Requirement -
Using the listing below, copy exactly each line from the one that has "スカイラインが到着するまで、" through the one that has "If you are into"; omit the pictures.

——

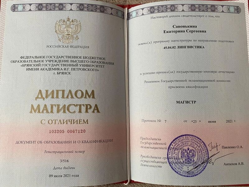- Брянский государственный университет им. академика И.Г. Петровского, факультет иностранных языков, направление — перевод и лингводидактика, магистр, диплом с отличием, 2019–2021 гг.
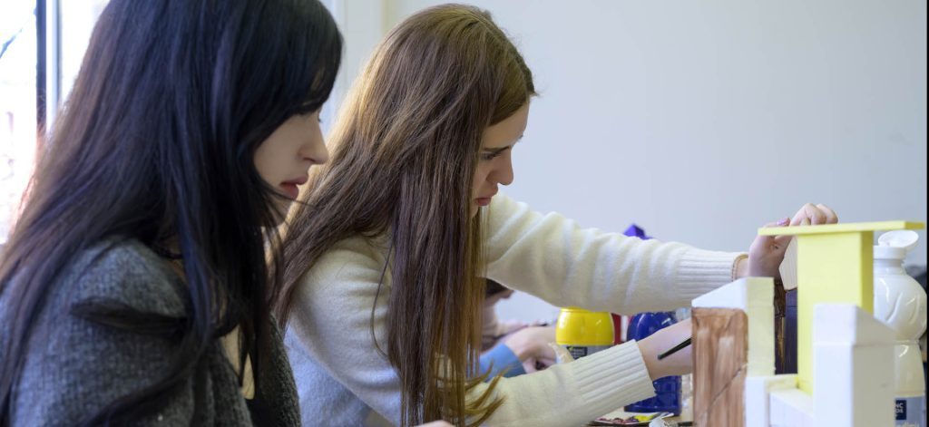 Die Collage für die weitere Werkserie in eine dreidimensionale Struktur aus Holz zu übertragen, empfanden die Jugendlichen zunächst als Herausforderung. Während Alexa sich für ihre Holzarbeit stärker vom Originalmotiv entfernte und die Spitzen der Hochhäuser nach links versetzte, verband Marianna das Scherbenmotiv ihrer Collage mit den Impressionen von Wolkenkratzern aus der Ausstellung – die abstrakten Formen finden sich in der Holzarbeit als Teil einer Hochhauskonstruktion wieder. Es sei wie ein Puzzle gewesen, beschreibt sie den Arbeitsprozess. Angeregt durch die Architekturen Feiningers habe sie sich gefragt, welche Gebäude ihr in Frankfurt gefallen. Die Antwort darauf, waren die Hochhäuser. Auch Taras griff für die Holzarbeit das Motiv des Hauses auf, doch wichtiger als die Höhe der Häuser ist ihm die Funktion: Es sei ein Wohnhaus für die ganze Familie, für seine Eltern und fünf Geschwister, das er in der Holzstruktur umgesetzt habe, erzählt er.
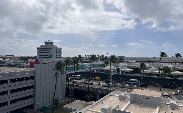 スカイラインが到着するまで、ハワイのやさしい風に癒されながら、空港の景色を楽しみましょう。
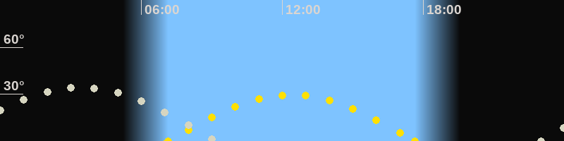 | Höchster Sonnenstand (Kulmination) | 12:23 Uhr (h = 29.6°) |
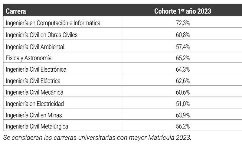 En universidades: Las ingenierías civiles presentan los mayores desafíos. Lidera la lista Ingeniería Civil en Computación e Informática (73%), seguida por Ingeniería Civil en Obras Civiles (61%) e Ingeniería Civil Ambiental (57%).
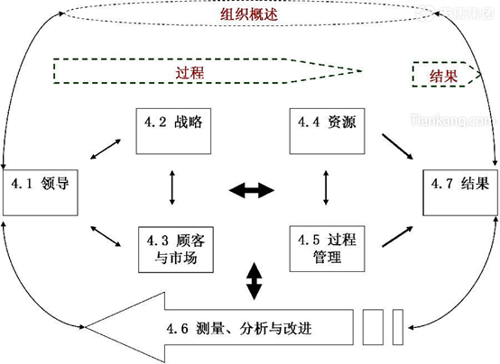 e) “領(lǐng)導(dǎo)”、“戰(zhàn)略”、“顧客與市場(chǎng)”構(gòu)成“領(lǐng)導(dǎo)作用”三角,是驅(qū)動(dòng)性的,旨在強(qiáng)調(diào)領(lǐng)導(dǎo)對(duì)戰(zhàn)略和顧客與市場(chǎng)的關(guān)注;“資源”、“過(guò)程管理”、“結(jié)果”構(gòu)成“資源、過(guò)程和結(jié)果”三角,是從動(dòng)性的,顯示利用資源,通過(guò)過(guò)程管理取得結(jié)果。而“測(cè)量、分析和改進(jìn)”是組織運(yùn)作的基礎(chǔ),是鏈接兩個(gè)三角的“鏈條”,并轉(zhuǎn)動(dòng)著改進(jìn)和創(chuàng)新的PDCA之輪。
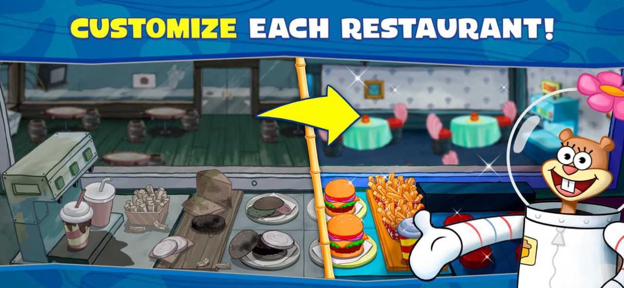 เกมมือถือแนวเข้าครัวทำอาหารตามออเดอร์ของลูกค้าที่มาในธีมของจักรวาลการ์ตูนแอนิเมชันเรื่อง SpongeBob SquarePants ที่คุณจะได้รับบทเป็น “Mr. Krabs” เข้าครัวของ Bikini Bottom ทำเมนูอาหารสารพัด เช่น แพนเค้ก, บาร์บีคิว, กาแฟ, สเต็ก และอื่นๆ อีกมากมาย
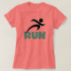 If you are into distance running, whether just training for your first 5K or you've accomplished a 5K, 10K, half-marathon, or marathon, you'll love our RUN T-shirts, hoodies, tank tops, buttons, mugs, keepsakes, and numerous other running apparel and gift items with a black silhouette runner and teal green text.
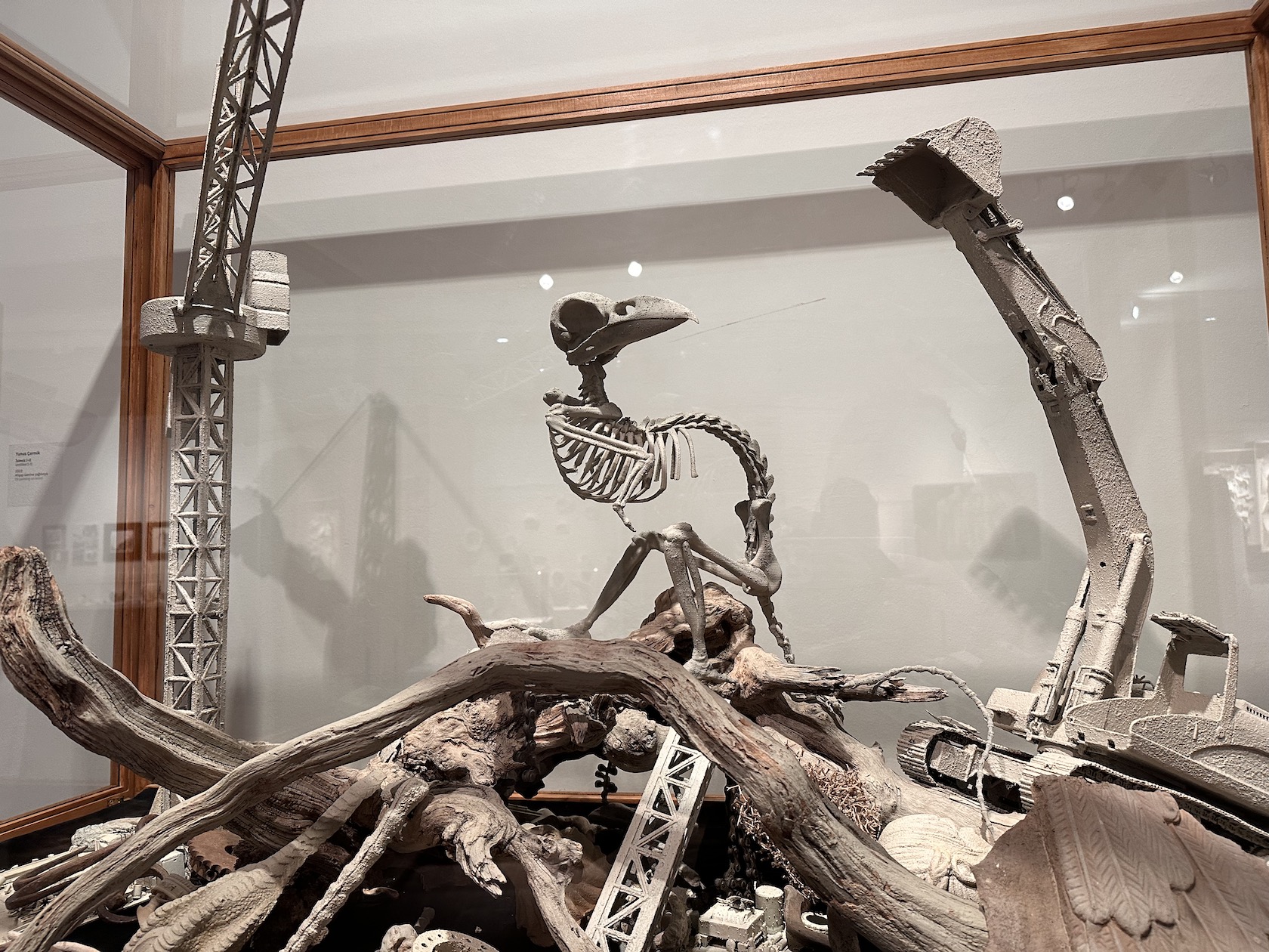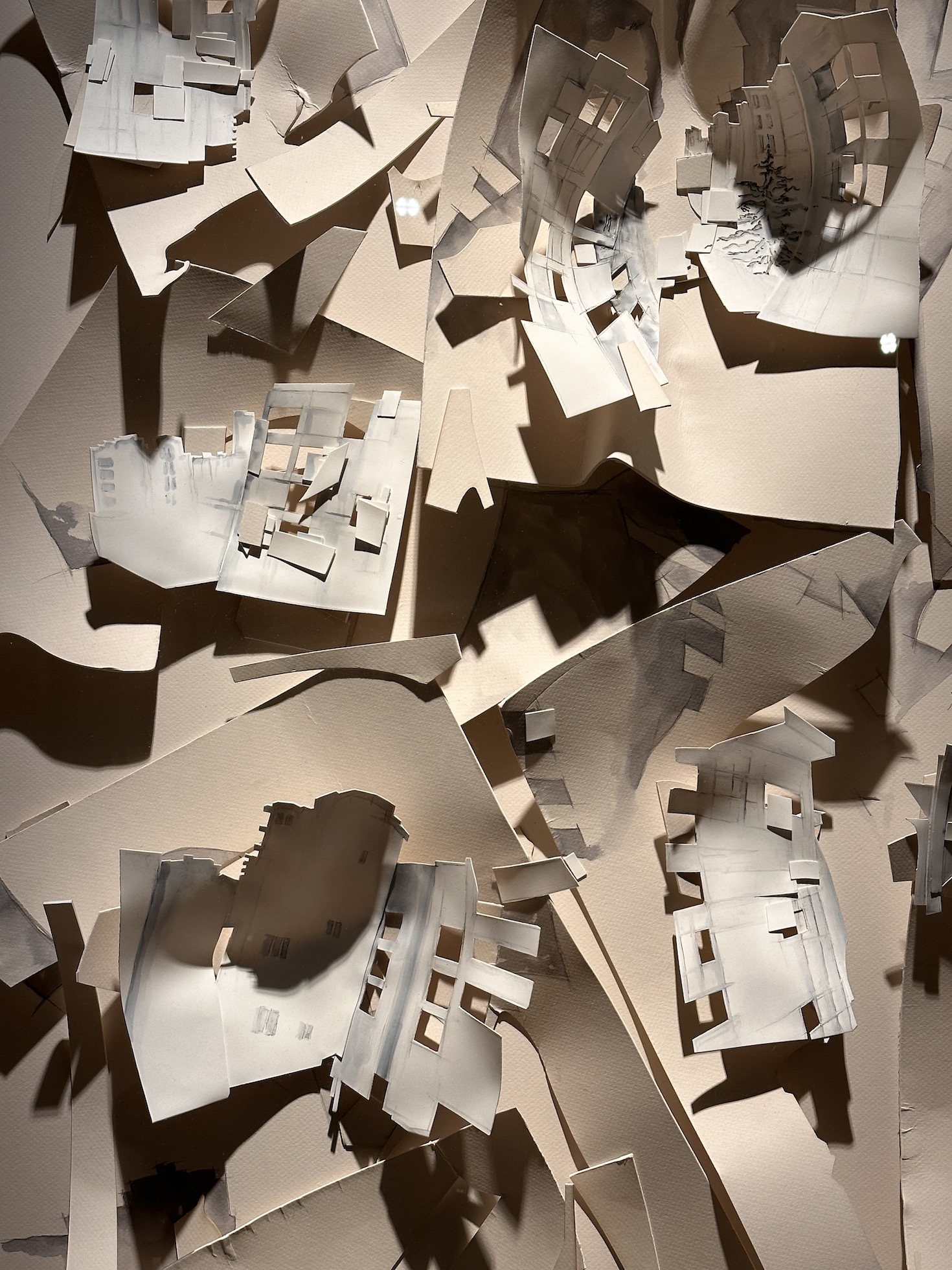 Dystopian cityscapes are a common theme, as voracious cities are depicted as ever-expanding and ever-consuming. Crumbling buildings, infinite infrastructure, and an incompatible past and present greet the viewer. Güneş Çınar’s When All Colors Fade (2018) depicts a lone skeletal bird sitting atop an ongoing build, with tree branches weaving among the rubble. In turn, Esra Carus’ Here We Are (2023) presents warped fragments of paper buildings that seem to have no distinct form or identity.

——

Answer section -
 スカイラインが到着するまで、ハワイのやさしい風に癒されながら、空港の景色を楽しみましょう。
 | Höchster Sonnenstand (Kulmination) | 12:23 Uhr (h = 29.6°) |
 En universidades: Las ingenierías civiles presentan los mayores desafíos. Lidera la lista Ingeniería Civil en Computación e Informática (73%), seguida por Ingeniería Civil en Obras Civiles (61%) e Ingeniería Civil Ambiental (57%).
 e) “領(lǐng)導(dǎo)”、“戰(zhàn)略”、“顧客與市場(chǎng)”構(gòu)成“領(lǐng)導(dǎo)作用”三角,是驅(qū)動(dòng)性的,旨在強(qiáng)調(diào)領(lǐng)導(dǎo)對(duì)戰(zhàn)略和顧客與市場(chǎng)的關(guān)注;“資源”、“過(guò)程管理”、“結(jié)果”構(gòu)成“資源、過(guò)程和結(jié)果”三角,是從動(dòng)性的,顯示利用資源,通過(guò)過(guò)程管理取得結(jié)果。而“測(cè)量、分析和改進(jìn)”是組織運(yùn)作的基礎(chǔ),是鏈接兩個(gè)三角的“鏈條”,并轉(zhuǎn)動(dòng)著改進(jìn)和創(chuàng)新的PDCA之輪。
 เกมมือถือแนวเข้าครัวทำอาหารตามออเดอร์ของลูกค้าที่มาในธีมของจักรวาลการ์ตูนแอนิเมชันเรื่อง SpongeBob SquarePants ที่คุณจะได้รับบทเป็น “Mr. Krabs” เข้าครัวของ Bikini Bottom ทำเมนูอาหารสารพัด เช่น แพนเค้ก, บาร์บีคิว, กาแฟ, สเต็ก และอื่นๆ อีกมากมาย
 If you are into distance running, whether just training for your first 5K or you've accomplished a 5K, 10K, half-marathon, or marathon, you'll love our RUN T-shirts, hoodies, tank tops, buttons, mugs, keepsakes, and numerous other running apparel and gift items with a black silhouette runner and teal green text.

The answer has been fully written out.